Strategic sales model

Account-based selling, also known as account-based sales and hyper-segmented sales, is a strategic sales model in which the sale of goods or services is carried out to narrow segments of the target audience or specific decision makers. In a typical ABS concept, the selling company forms a target audience, then divides it into narrow segments to offline selling.

==History==
Emerged in the mid-2010s as a further development of account-based marketing (ABM) strategy, hyper-segmented sales are considered one of the youngest strategies. Research and consulting company Gartner projected that from 2020 ABS would be the basis of sales for most technology vendors, and that the volume of this market would exceed $5 billion per year. The ABS concept was developed for use in the B2B industry.

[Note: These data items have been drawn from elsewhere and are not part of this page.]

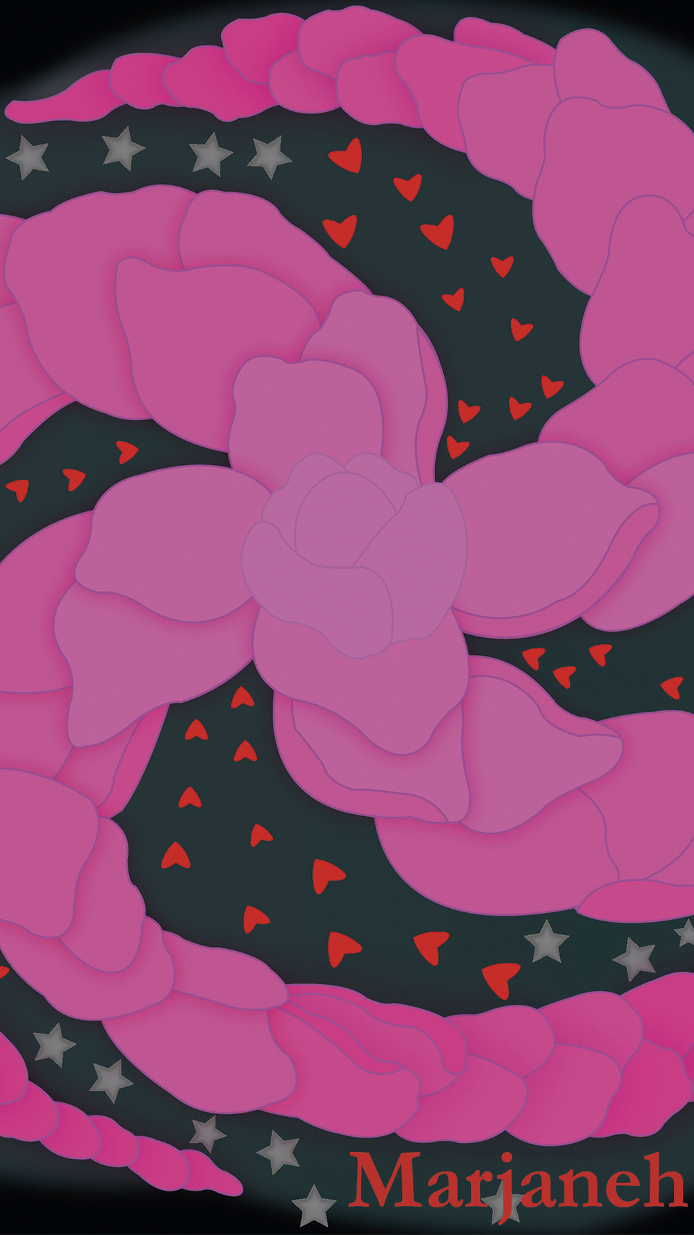 Galactic Flower is a mobile wallpaper (1080 x 1920 px) that blends cosmic beauty with romantic charm. It features a colossal flower spinning through deep space, its long pink petals unfurling like the arms of a spiral galaxy. Around it drift tiny silver stars and bright red hearts, creating a tender, magical scene full of motion. This illustration reimagines traditional galaxies with an adorable, fresh twist. Based on an original digital artwork. Ready to download and install instantly!
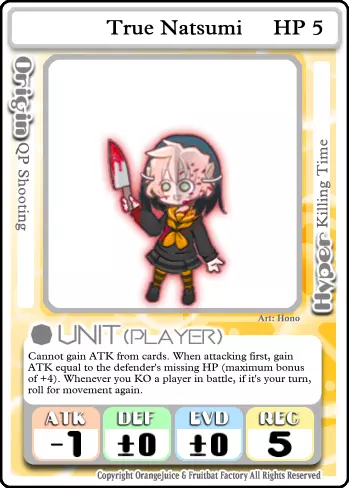生命值:5 | 攻击力:-1 | 防御力:0 | 闪避率:0 | 恢复力:5 无法通过卡牌获得攻击力。 先手攻击时,获得等同于防御方损失生命值的攻击力(最大加成+4)。 每当在战斗中击倒一名玩家,若当前为你的回合,则再次进行移动掷骰。 夏海的初始攻击力仅为-1。但她对敌人鲜血的渴望会根据敌人当前受到的伤害量提升自身攻击力。当敌人受到4点或以上伤害时,她最多可获得+3的攻击力加成。请注意,此加成仅在她先手攻击时触发,因此(除了伊琉和雪莉之外)主动发起攻击的敌人将在战斗中对你拥有巨大优势。此增益还能让她更有效地对抗高生命值单位,例如【玛丽·波普】,这类单位能更快提供最大增益且通常防御力较低;而对低生命值单位效果较差,例如【皮特】,这类单位提供的增益小得多。 由于这个极强的攻击增益,夏美无法通过卡片提升攻击力。像【大口径麦林】这样的战斗卡片以及【超级全力模式】之类的活动卡片对她来说基本无用。不过,设定她属性的效果可以提升其攻击力,因为这些效果并非专门为该属性提供增益。在对手没有受到伤害时,【属性反转领域】和【认真战斗】理论上可以提升她的攻击力。 她的最终被动技能允许她在自己的回合通过战斗击倒对手后再次移动。若她在其他玩家的回合受到攻击,或使用了如“绅士对决”之类的结束回合战斗卡,则此被动不会触发。该被动使得“冲刺!”等移动加成效果在所有对手都处于虚弱状态时变得极为强大,让她能够对低生命值的玩家进行连续击杀。由于她的攻击力较低且无法通过战斗卡提升攻击力,因此很难拿到第一滴血,所以携带大量战斗外伤害卡以充分利用其技能组合也很重要。 【超武卡】
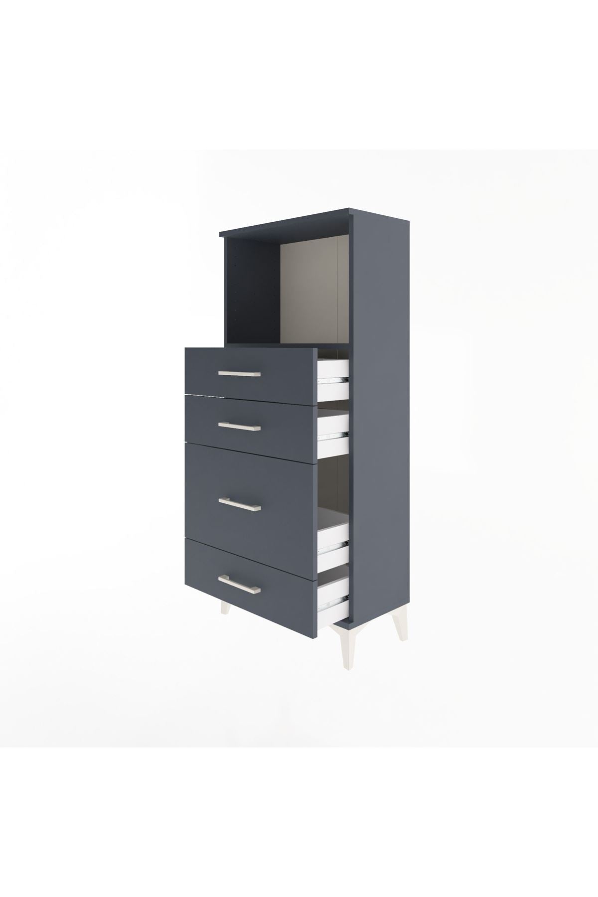 Arges Dolap Tek Raflı 4 Çekmeceli 60x30x134 Antrasit-Antrasit
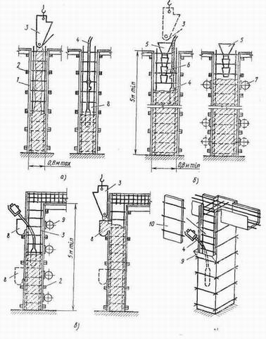 Технологические схемы бетонирования колонн Технологические схемы бетонирования колонн высотой до 5 м (а) и более (б), с густой арматурой балок (в), схема опалубки со съемным щитом (г): 1-опалубка, 2 - хомут, 3 - бадья, 4 - вибратор с гибким валом 5-приемная воронка, 6-звеньевой хобот, 7-навесной вибратор, 9-карманы, 10 — съемный щит.
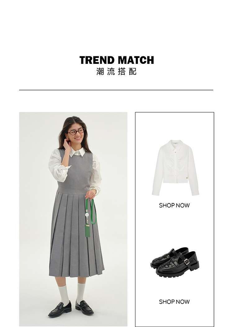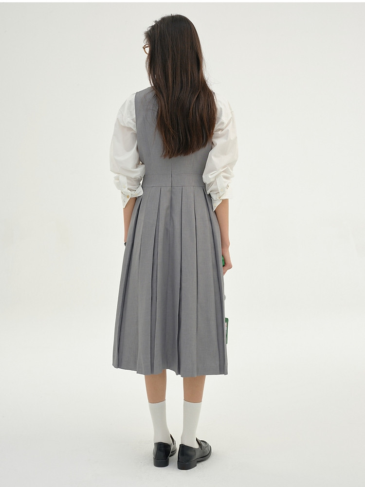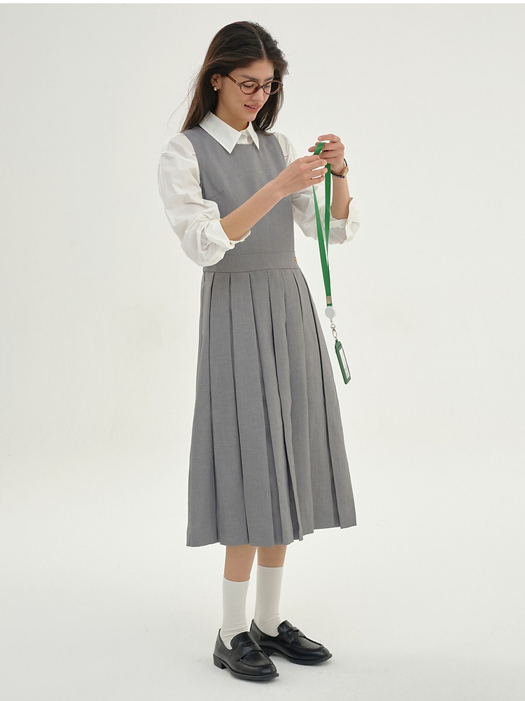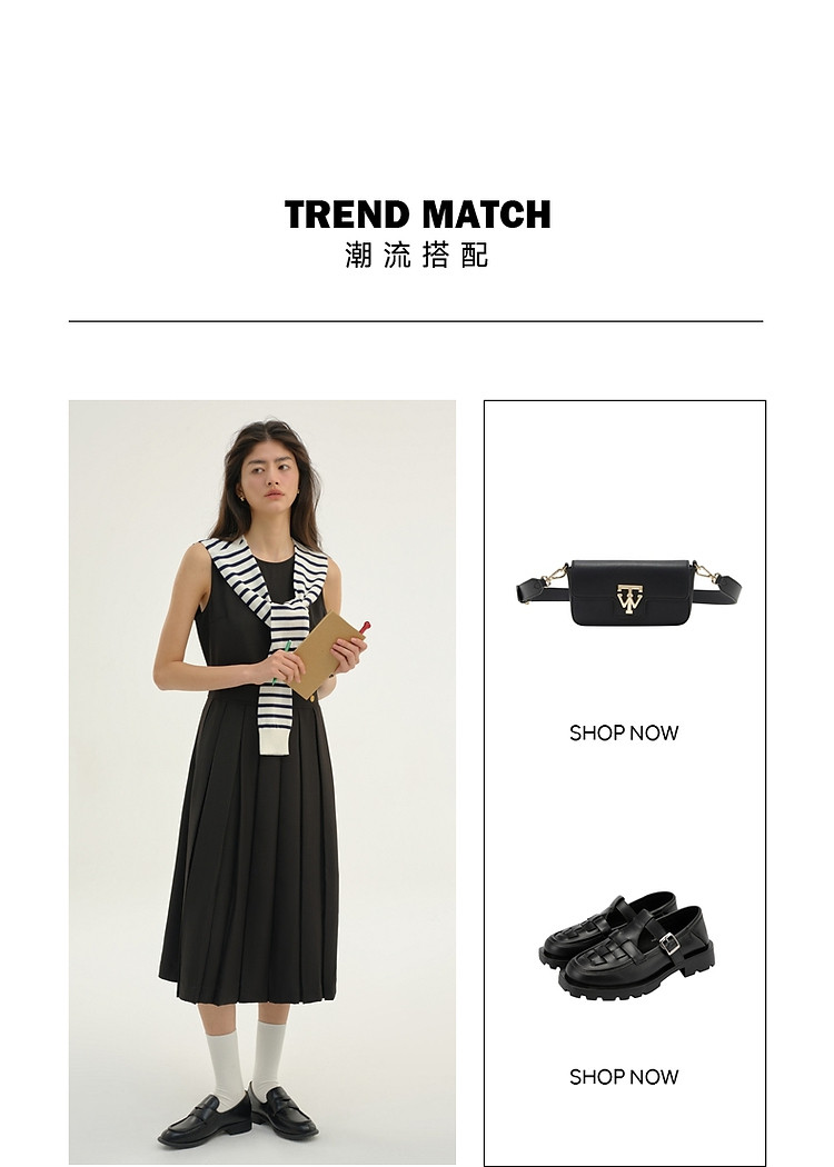 商品名称:无袖连衣裙小熊春秋款收腰百褶长裙通勤高级感连衣裙女 165569
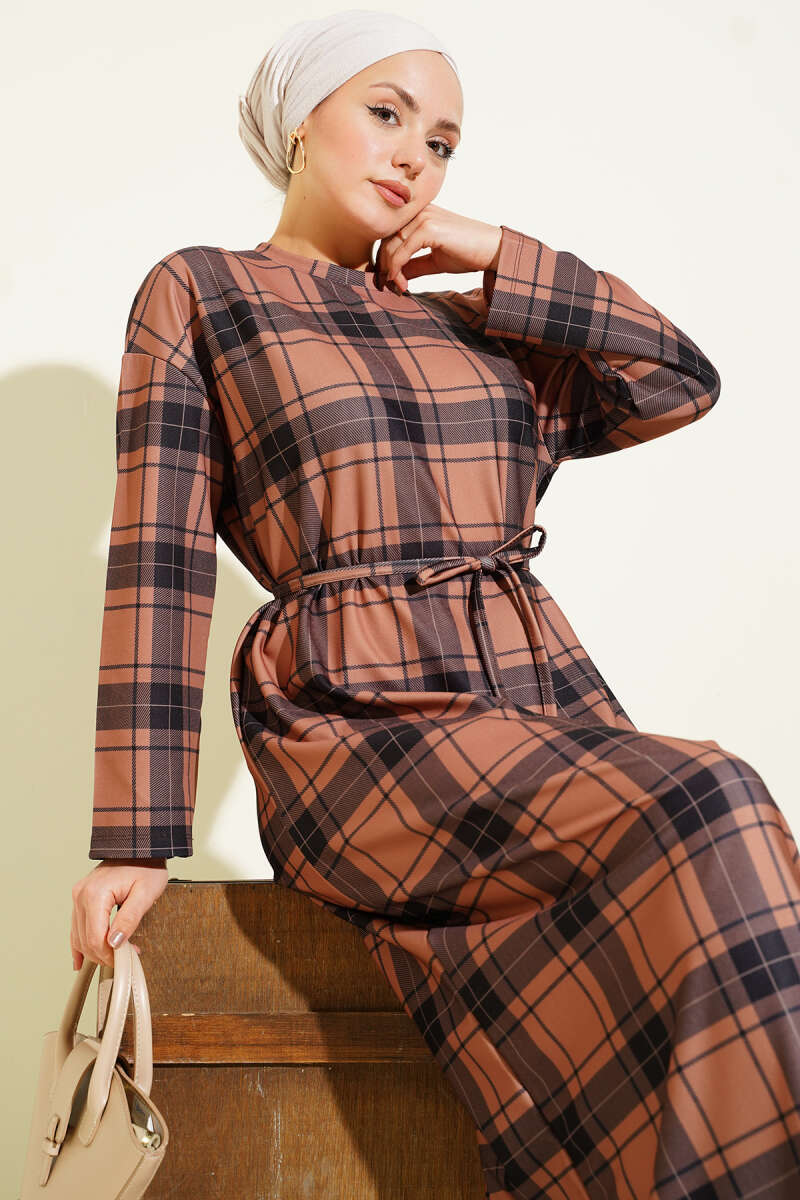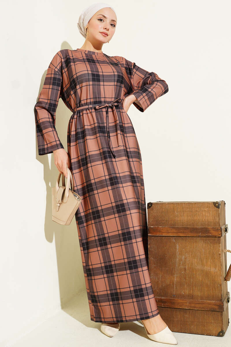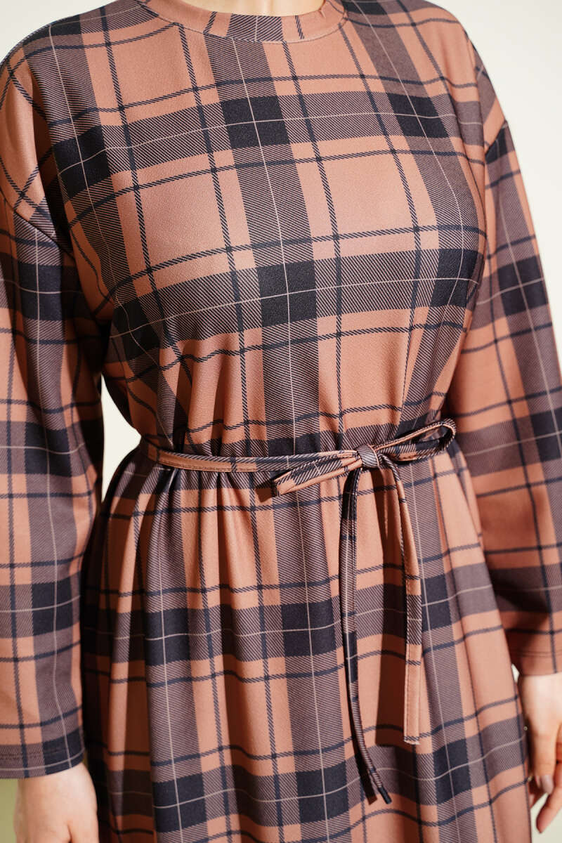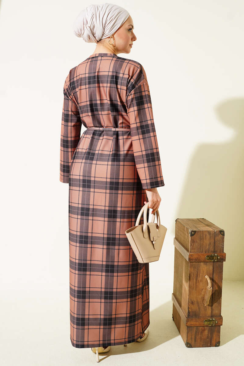 Ebru Desen Yarım Düğmeli Elbise Taba
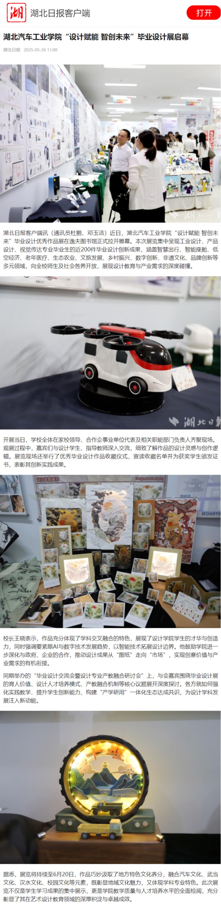 【湖北日报】湖北汽车工业学院“设计赋能 智创未来”毕业设计展启幕
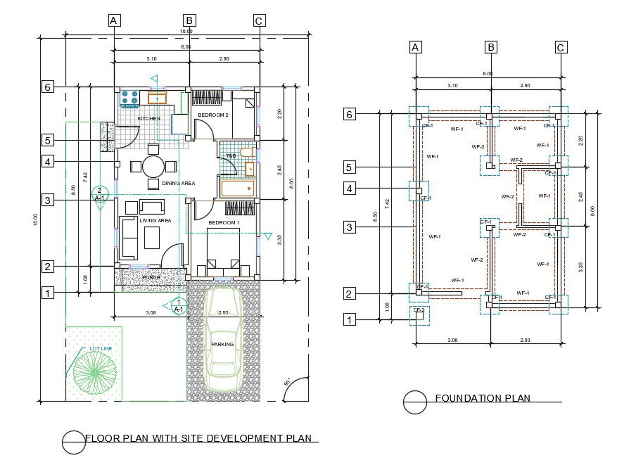 15MX10M House Plan DWG File 2 BHK with Detailed AutoCAD Layout
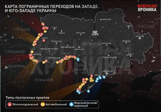 On the border there are a series of targets which Russian sources expect to be hit in the coming days. The lead image map shows their locations and functions (red for rail, orange for road, blue for bridge and ferry). Rozhin has reprinted this analysis of these targets. “Since sending military aid by air is not available, most of the cargo is delivered by rail, heavy trucks, or, much more risky, by sea. Either way, all cargoes go through customs and checkpoints. In the west and south-west of Ukraine there are about 87 sea, pedestrian, rail, and road border crossings…Taking into account the checkpoints that Ukraine received from the USSR, this number can be increased by almost half, but a significant part of such crossings is either destroyed, looted in previous decades, or abandoned under the USSR. However, most of the border crossings are on the border with Moldova. There are 34 of them, but they are not used as intensively as the checkpoints for transit to and from the territory of NATO countries. The state of some of them is far from ideal.”
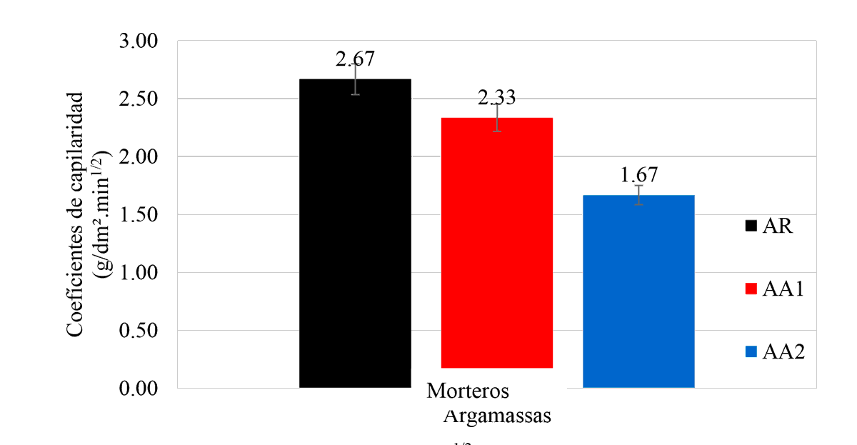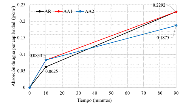 Se observa que cuanto mayor sea la cantidad de aditivo empleado en la mezcla, menor será el coeficiente de capilaridad y, por lo tanto, menor será la absorción por capilaridad en una fracción de tiempo. Al igual que en los datos inmediatamente anteriores, la mezcla AA2 presentó el mejor resultado, alcanzando un coeficiente aproximadamente un 37,5% menor que el AR, mientras que AA1 logró una reducción del 12,7% con relación al AR.
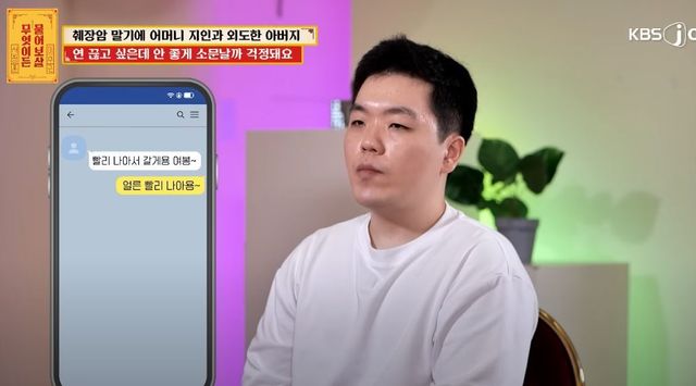 그는 아버지의 병과 관련한 보험 처리를 위해 아버지의 핸드폰을 맡았고, 그 과정에서 아버지의 메신저에서 외도의 흔적을 발견했다고 말했다.
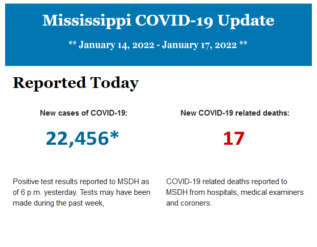 **New COVID-19 positive test results reported to MSDH for the four-day period (January 14 through January 17) as of 3 P.M. yesterday.
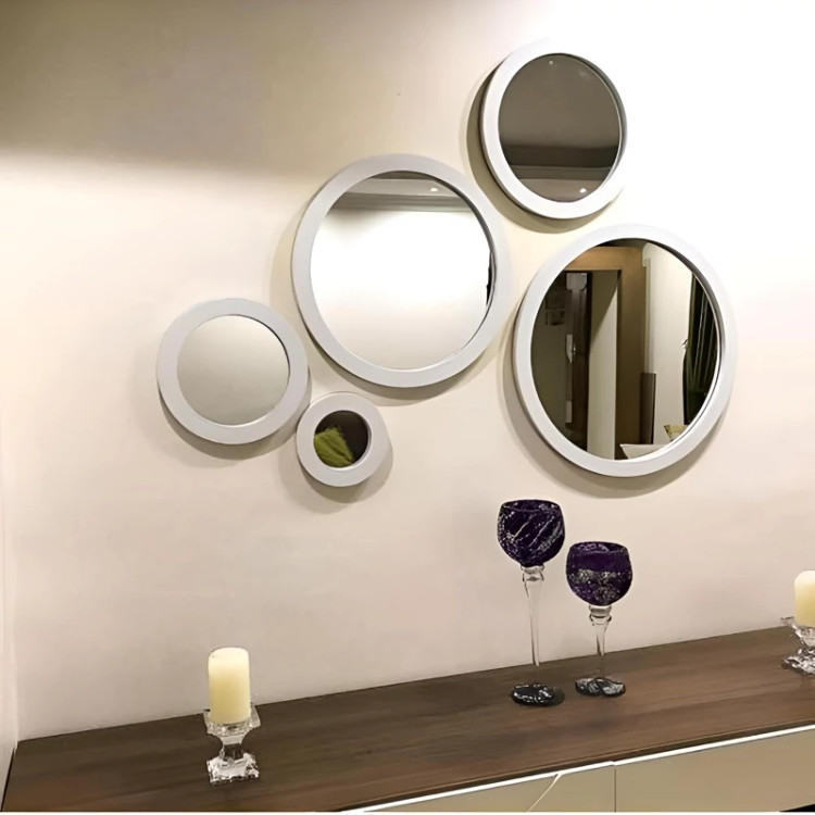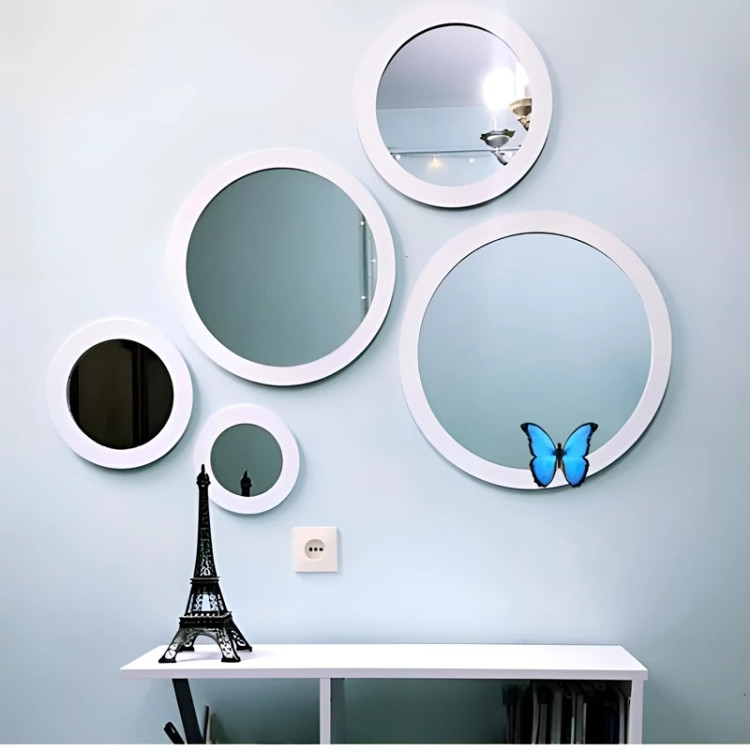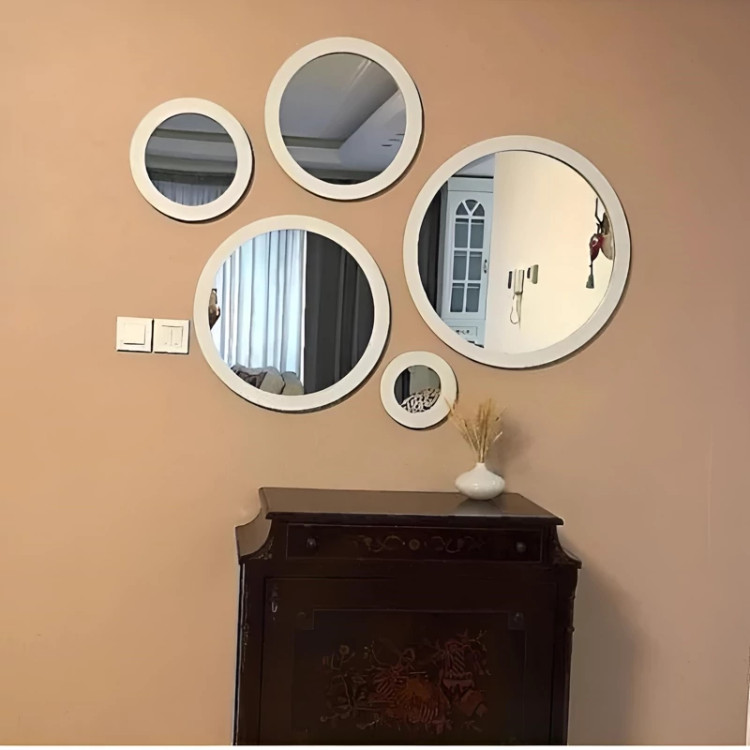 آینه ها در دکوراسیون داخلی معجزه میکنند از آنها به عنوان عناصر انرژی بخش در فضا یاد میشود و در فنگ شویی نیز آینه را نمادی از آب میدانند که به فضا آرامش گستردگی و تازگی میبخشد در عین حال باید به این نکته توجه داشت که استفاده مناسب از آینه در آرامش و بهبود حالات روانی افرادی که در آن محیط زندگی میکنند نیز نقش موثری را بازی می کند تلفیق نور و آینه میتواند حس متفاوتی را در فضای شما ایجاد کند و با کمترین هزینه تغییری شگرف در منزل شما بوجود آورد. آینه ی دکو گیوا (Decogiva) مدل -5 تکه یکی از انواع آینه های دکوراتیو است. آینه در واقع یک ست 5 عددی آینه دایره ای با قطرهای مختلف میباشد قاب هر آینه از جنس پی وی سی (pvc) با ضخامت 8 میل بوده که با رنگ سفید تولید میشود این محصول با توجه به تنوع چیدمان آینه ها برای همه سلیقه ها مناسب است. همچنین نصب آنها بسیار ساده میباشد. به طوریکه فقط کافی است تا جانمایی درستی داشته باشید و سپس با استفاده از میخهای کوچک و ظریف آینه ها را به شکل دلخواه روی دیوار بچینید.

==Differences from account-based marketing==
Broad industry marketing is not targeted enough to attract the right segment of the target audience. The account-based marketing (ABM) strategy is managed by the marketing department and has a number of limitations. For example, corporate transactions often involve several decision makers, and presentation materials must be prepared for each of them. Contact provided by ABM strategy does not guarantee the continuation of business negotiations. Implementation of ABM strategy provides for lead generation in offline sales, while ABS strategy aims to provide for transformation of leads into sales.

ABS strategy implies teamwork of all departments involved in sales of goods or services, primarily sales and marketing departments. Instead of traditional scenario and template work, ABS departments adapt their activities to specific microsegments of the target audience, focusing on personalized interaction with multiple stakeholders. This is not a quantitative approach, but a qualitative one, which considers each microsegment of the target audience as a market.

The goal of ABS is to bridge the gap between marketing and sales departments.